* [THE RECORDS]:
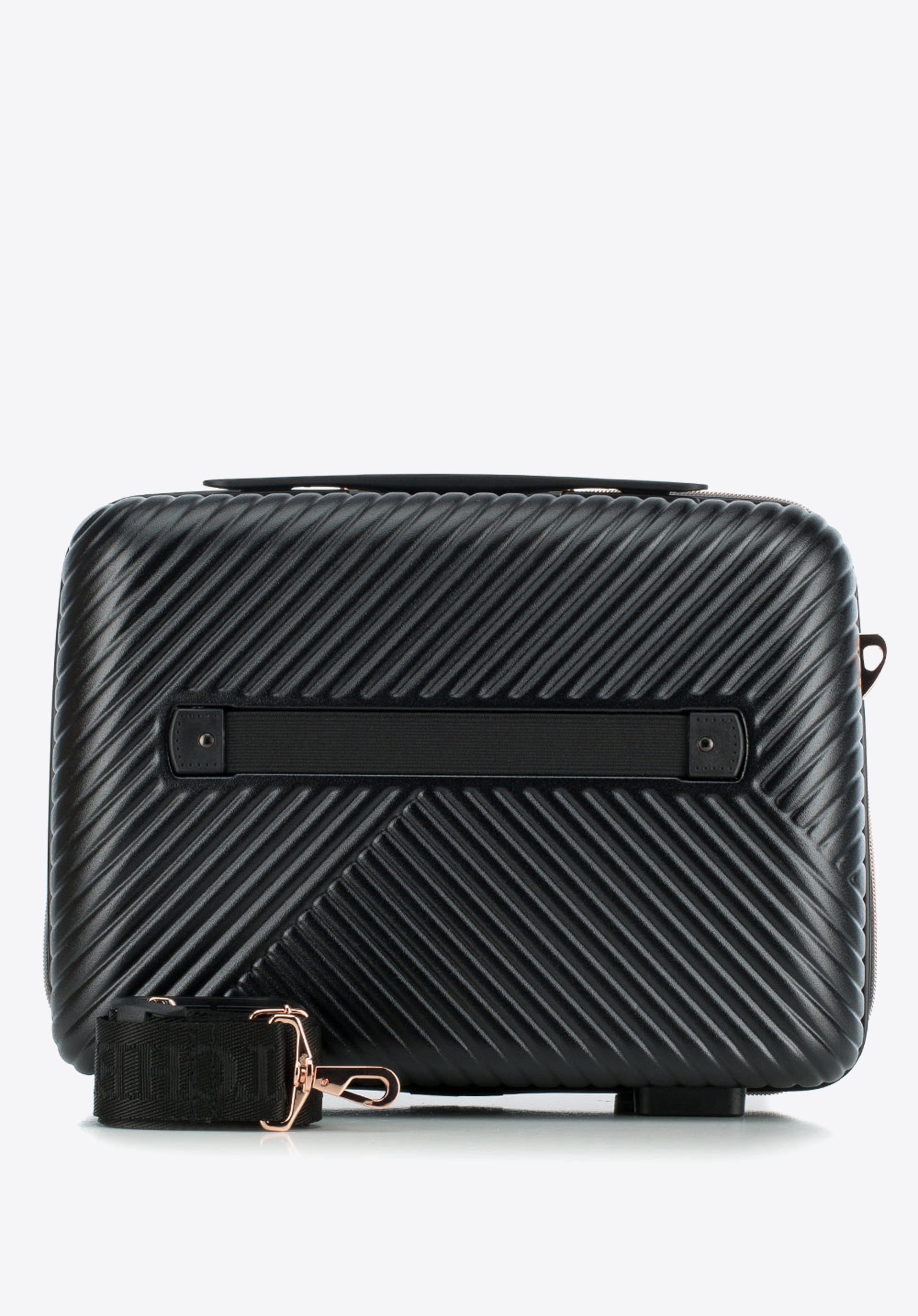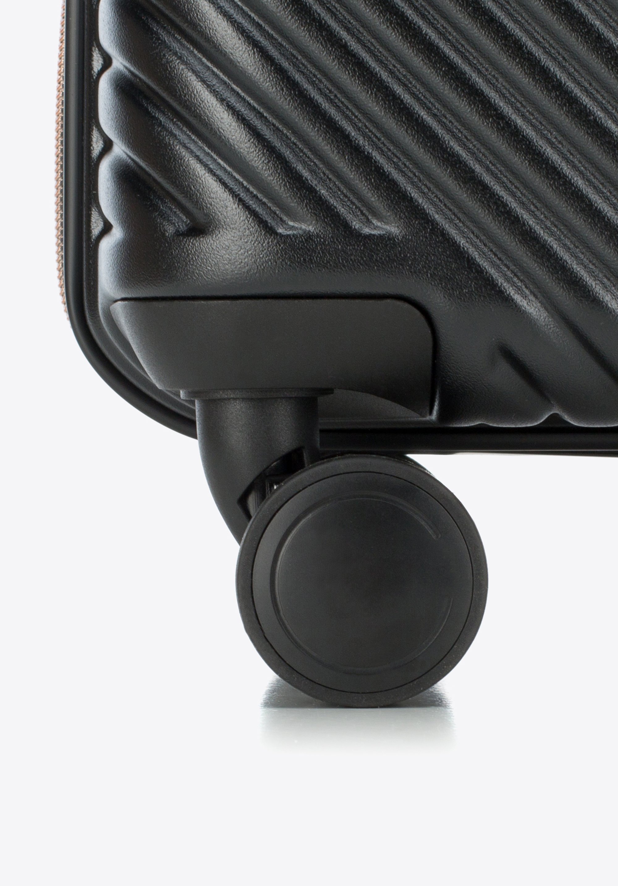 z lśniącymi okuciami w kolorze różowego złota.Kółka wykonane z tworzywa sztucznego ABS z elastyczną powłoką. Wnętrze bagażu pokrywa beżowa podszewka z logo WITTCHEN.
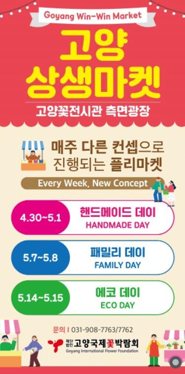 (재)고양국제꽃박람회(대표이사 김운영)는 일산호수공원 고양꽃전시관 인근 광장(측면 광장)에서 4월 30일부터 5월 14일까지 매주 주말(토·일요일) 고양시 내 협동조합·소상공인이 참여하여 다양한 화훼류 관련 상품을 판매하는 고양 상생(win-win)마켓을 연다고 밝혔다.
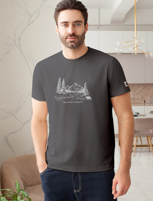 Совместные покупки Челябинск Мужская одежда Футболки — Акция Vilatte Футболка из премиального хлопка с авторским принтом U49.045 серый
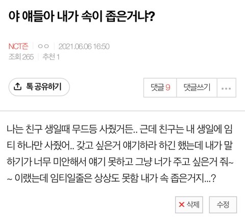 애들이 인스타 스토리에 자기가 선물해준거 빨리 자랑하라 그래서 내가 다 올려줬거든 그랬더니 스토리가 무슨 바느질 한거처럼 어제 엄청 많이 올렸는데 나랑 베프 그리고 저 임티 사준 친구가 학원을 같이 다녔는데 내가 이번달부터 혼자 하겠다고 하고 안다니고 있거든 근데 내 베프가 임티 준 친구한테 너는 얘가 무드등 사줬는데 임티 딸랑 하나 주는게 말이 되냐고 양심도 없냐고 얘가 너한테 이렇게 잘해줬는데 너도 주는게 있어야지 내년에 얘가 너 생일 챙겨줄거 같냐고 막 뭐라 한거야.. 난 아무것도 모르고 있다가 오늘 저녁에 미안하다고 내가 다른걸로 다시 사주겠다는걸 내가 괜찮다고 극구사양했는데 뭔가 나만 느낀게 아니라 내 친구도 느끼고 있었구나.... 이런 생각이 드네 서운한 건 사실인데 뭐 어쩌겠나 그냥 잊고 살아야겠지? 사실 진짜 서운하긴 했어
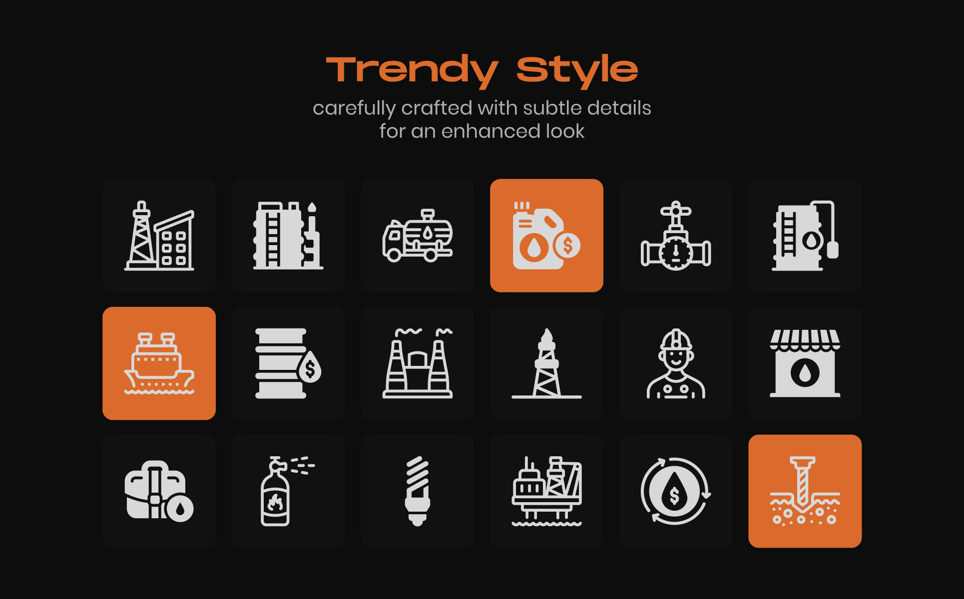 Grab an exclusive pack of oil industry linear icons. We provide this pack with a range of editable and customized glyph trendy vectors. This extensive pack of industrial icons are perfectly suitable for web and applications. Download and enjoy.
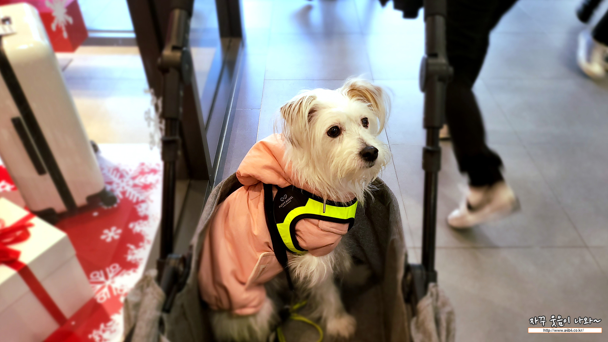 간혹 이런 곳에서 개모차를 대여 받으면 적응하지 못하는 반려견들도 있다고 하는데요. 큰 문제없이 잘 적응하고 다녔네요.
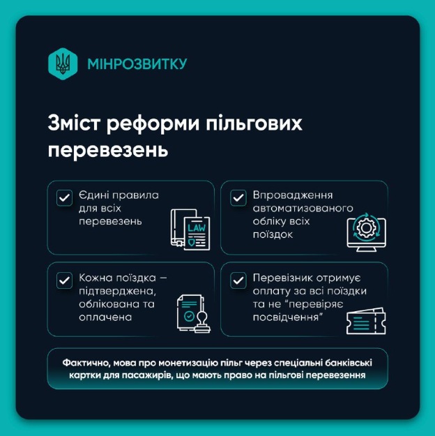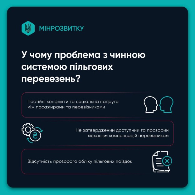 Міністерство розвитку громад та територій зазначає, що система пільгового проїзду десятиліттями існує у форматі, який створює конфлікти замість підтримки: люди з пільгами змушені доводити своє право на проїзд, перевізники – перевозити без гарантій компенсації, громади – шукати кошти в обмежених бюджетах.
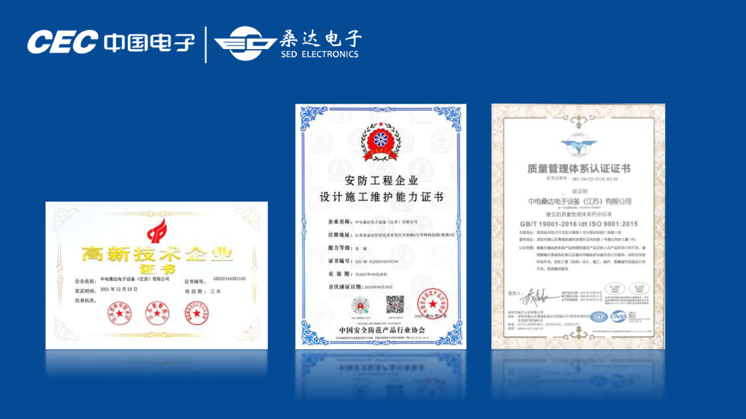 高新技术企业、2024年获南京市科技局认定为南京市工程技术研究中心、安防工程企业设计施工维护能力壹级、ISO9001质量管理体系认证。
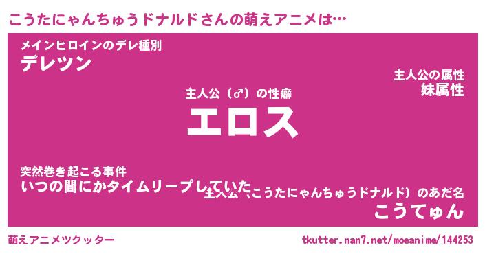 | 女子向けラノベタイトル風あだ名 | 『誰かこのこうたにゃんちゅうドナルドを説明してください! ~契約から始まるウェディング~』 |

* [PROBLEM REQUIREMENTS]: Beginning at the line with "Міністерство розвитку громад", reproduce each line exactly through the last line of the records above, with pictures left out.

* [ANSWER TO THIS TASK]:
 Міністерство розвитку громад та територій зазначає, що система пільгового проїзду десятиліттями існує у форматі, який створює конфлікти замість підтримки: люди з пільгами змушені доводити своє право на проїзд, перевізники – перевозити без гарантій компенсації, громади – шукати кошти в обмежених бюджетах.
 高新技术企业、2024年获南京市科技局认定为南京市工程技术研究中心、安防工程企业设计施工维护能力壹级、ISO9001质量管理体系认证。
 | 女子向けラノベタイトル風あだ名 | 『誰かこのこうたにゃんちゅうドナルドを説明してください! ~契約から始まるウェディング~』 |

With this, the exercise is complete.